┌────────

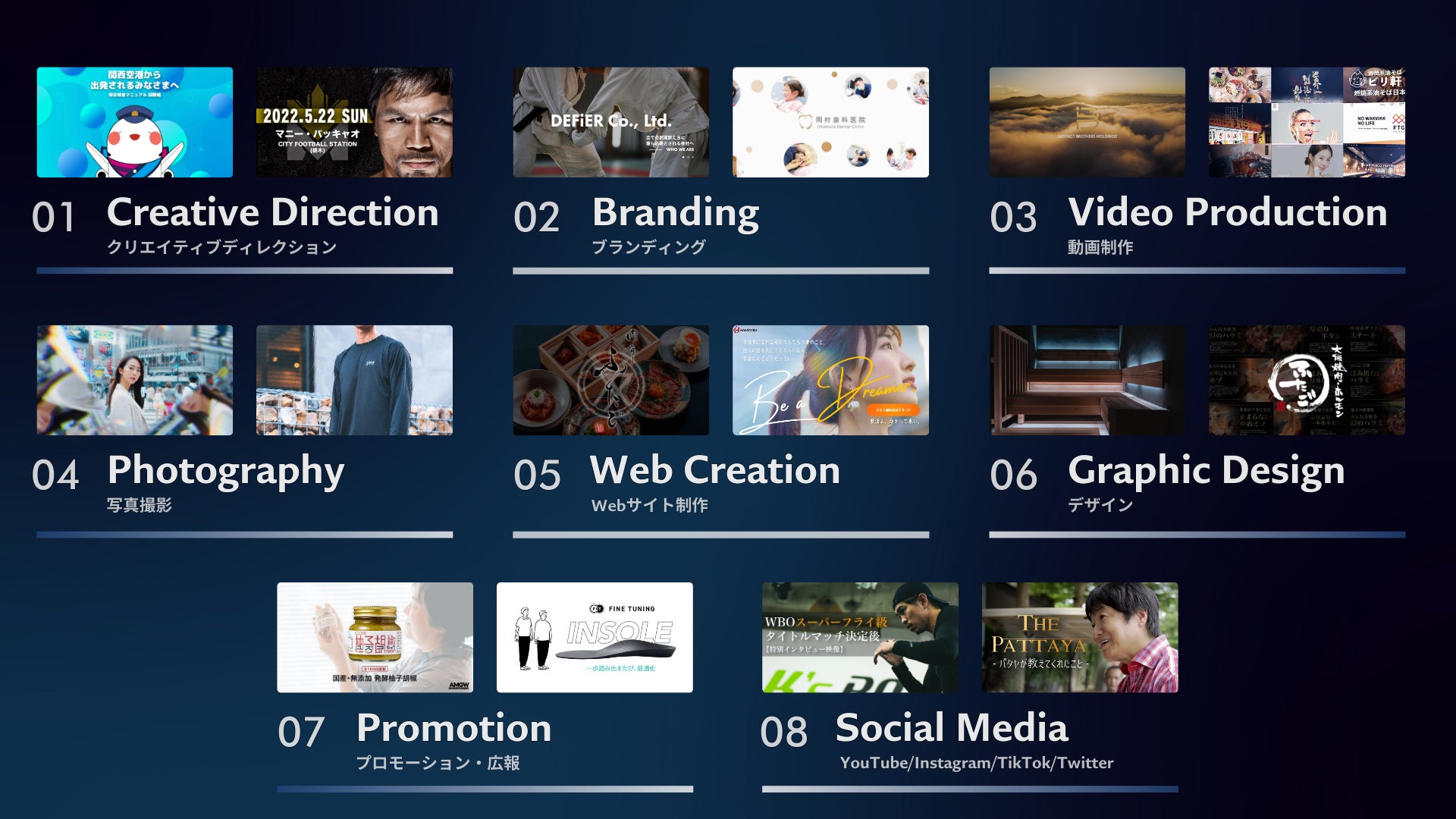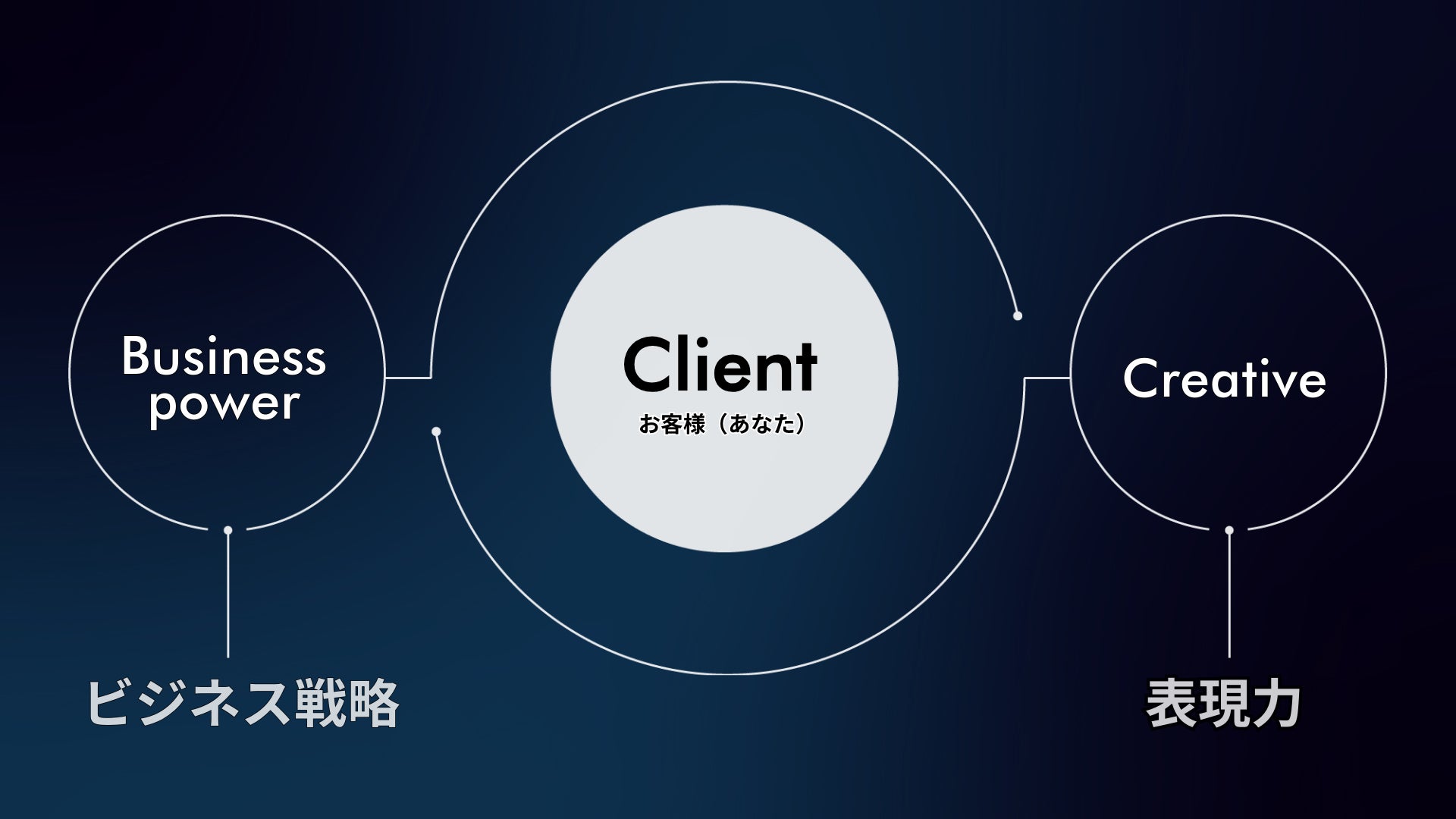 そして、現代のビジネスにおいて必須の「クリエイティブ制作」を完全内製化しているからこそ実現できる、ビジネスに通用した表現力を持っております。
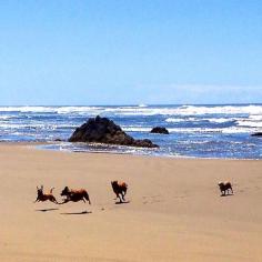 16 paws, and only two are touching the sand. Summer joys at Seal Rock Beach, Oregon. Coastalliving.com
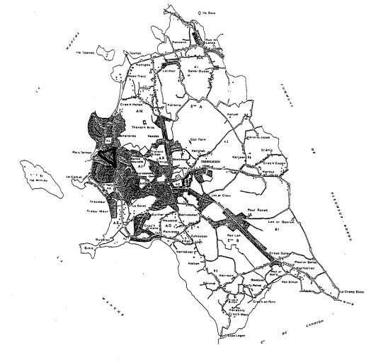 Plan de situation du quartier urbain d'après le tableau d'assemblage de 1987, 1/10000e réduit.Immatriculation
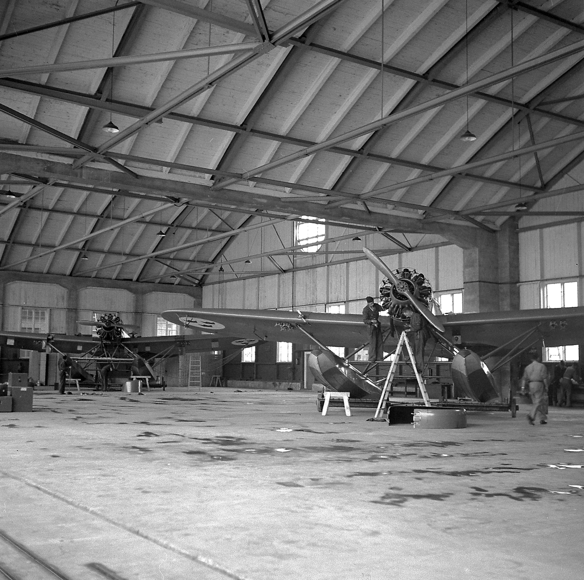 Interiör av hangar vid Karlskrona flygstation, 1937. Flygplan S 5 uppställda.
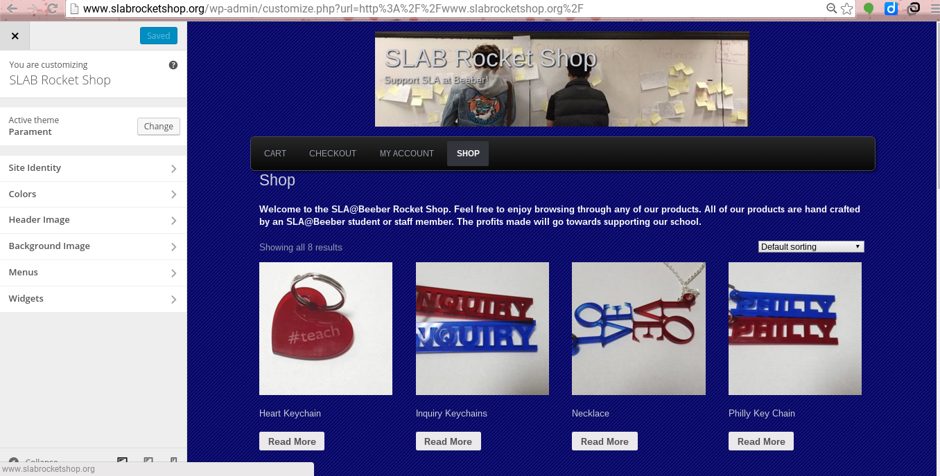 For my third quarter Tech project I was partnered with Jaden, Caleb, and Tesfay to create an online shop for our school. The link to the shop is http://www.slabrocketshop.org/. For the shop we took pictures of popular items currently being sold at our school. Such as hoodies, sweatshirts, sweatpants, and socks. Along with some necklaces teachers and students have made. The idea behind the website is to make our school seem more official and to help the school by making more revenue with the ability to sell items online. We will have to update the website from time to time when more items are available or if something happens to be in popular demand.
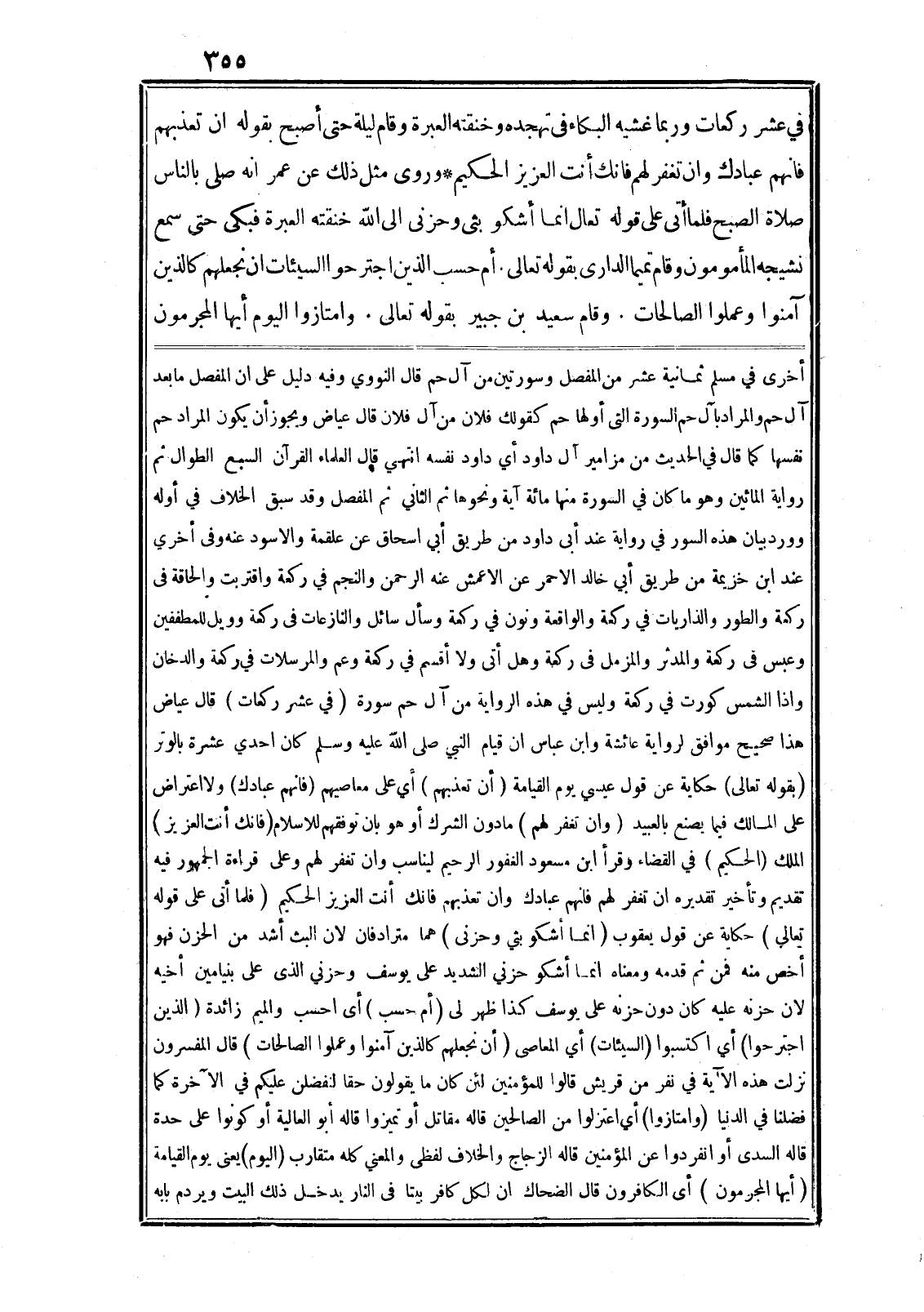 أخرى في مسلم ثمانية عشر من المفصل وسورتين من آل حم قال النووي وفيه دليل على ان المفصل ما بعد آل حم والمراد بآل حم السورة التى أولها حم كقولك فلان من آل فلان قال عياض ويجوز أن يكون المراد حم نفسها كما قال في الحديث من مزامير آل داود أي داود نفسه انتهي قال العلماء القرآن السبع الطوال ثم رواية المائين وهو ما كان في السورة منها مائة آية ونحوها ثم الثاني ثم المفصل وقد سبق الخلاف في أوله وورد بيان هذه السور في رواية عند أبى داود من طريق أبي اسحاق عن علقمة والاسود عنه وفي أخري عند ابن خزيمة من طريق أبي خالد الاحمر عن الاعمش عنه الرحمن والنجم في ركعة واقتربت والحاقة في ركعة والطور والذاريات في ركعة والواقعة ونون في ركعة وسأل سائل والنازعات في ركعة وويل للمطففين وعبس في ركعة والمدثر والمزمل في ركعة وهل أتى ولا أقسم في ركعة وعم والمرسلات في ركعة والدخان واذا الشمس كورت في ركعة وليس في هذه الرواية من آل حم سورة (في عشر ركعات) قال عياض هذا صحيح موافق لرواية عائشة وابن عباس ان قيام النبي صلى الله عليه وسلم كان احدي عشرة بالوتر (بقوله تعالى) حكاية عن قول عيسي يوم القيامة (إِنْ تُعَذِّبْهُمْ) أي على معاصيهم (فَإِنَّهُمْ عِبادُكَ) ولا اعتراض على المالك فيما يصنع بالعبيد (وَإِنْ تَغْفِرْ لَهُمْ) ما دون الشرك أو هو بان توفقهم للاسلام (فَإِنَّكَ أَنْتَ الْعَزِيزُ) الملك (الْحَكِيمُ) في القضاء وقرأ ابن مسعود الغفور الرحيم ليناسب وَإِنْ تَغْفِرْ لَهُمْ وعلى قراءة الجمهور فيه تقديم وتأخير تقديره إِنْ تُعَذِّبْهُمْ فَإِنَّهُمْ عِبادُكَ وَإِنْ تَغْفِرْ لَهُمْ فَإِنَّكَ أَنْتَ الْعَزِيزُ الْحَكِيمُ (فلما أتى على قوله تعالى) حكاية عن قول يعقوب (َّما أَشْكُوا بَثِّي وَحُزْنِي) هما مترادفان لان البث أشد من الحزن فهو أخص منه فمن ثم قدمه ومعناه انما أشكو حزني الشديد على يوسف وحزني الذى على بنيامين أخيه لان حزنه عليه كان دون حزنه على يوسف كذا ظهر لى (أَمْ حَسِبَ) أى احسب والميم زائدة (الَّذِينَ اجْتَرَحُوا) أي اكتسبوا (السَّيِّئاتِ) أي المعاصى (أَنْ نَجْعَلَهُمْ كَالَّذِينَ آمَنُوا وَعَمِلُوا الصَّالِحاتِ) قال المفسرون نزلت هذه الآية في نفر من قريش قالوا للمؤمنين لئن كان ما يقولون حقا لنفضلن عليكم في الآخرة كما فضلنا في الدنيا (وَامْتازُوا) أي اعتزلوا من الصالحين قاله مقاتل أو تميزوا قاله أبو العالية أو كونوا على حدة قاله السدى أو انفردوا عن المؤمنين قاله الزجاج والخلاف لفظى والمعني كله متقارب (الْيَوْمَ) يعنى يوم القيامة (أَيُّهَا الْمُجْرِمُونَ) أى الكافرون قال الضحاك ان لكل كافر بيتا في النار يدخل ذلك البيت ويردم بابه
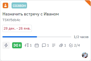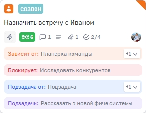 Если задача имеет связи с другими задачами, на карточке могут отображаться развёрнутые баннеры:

└────────

EXERCISE: With every picture omitted, write out the material exactly from its first line through the line containing "Interiör av hangar".

ANSWER:
 そして、現代のビジネスにおいて必須の「クリエイティブ制作」を完全内製化しているからこそ実現できる、ビジネスに通用した表現力を持っております。
 16 paws, and only two are touching the sand. Summer joys at Seal Rock Beach, Oregon. Coastalliving.com
 Plan de situation du quartier urbain d'après le tableau d'assemblage de 1987, 1/10000e réduit.Immatriculation
 Interiör av hangar vid Karlskrona flygstation, 1937. Flygplan S 5 uppställda.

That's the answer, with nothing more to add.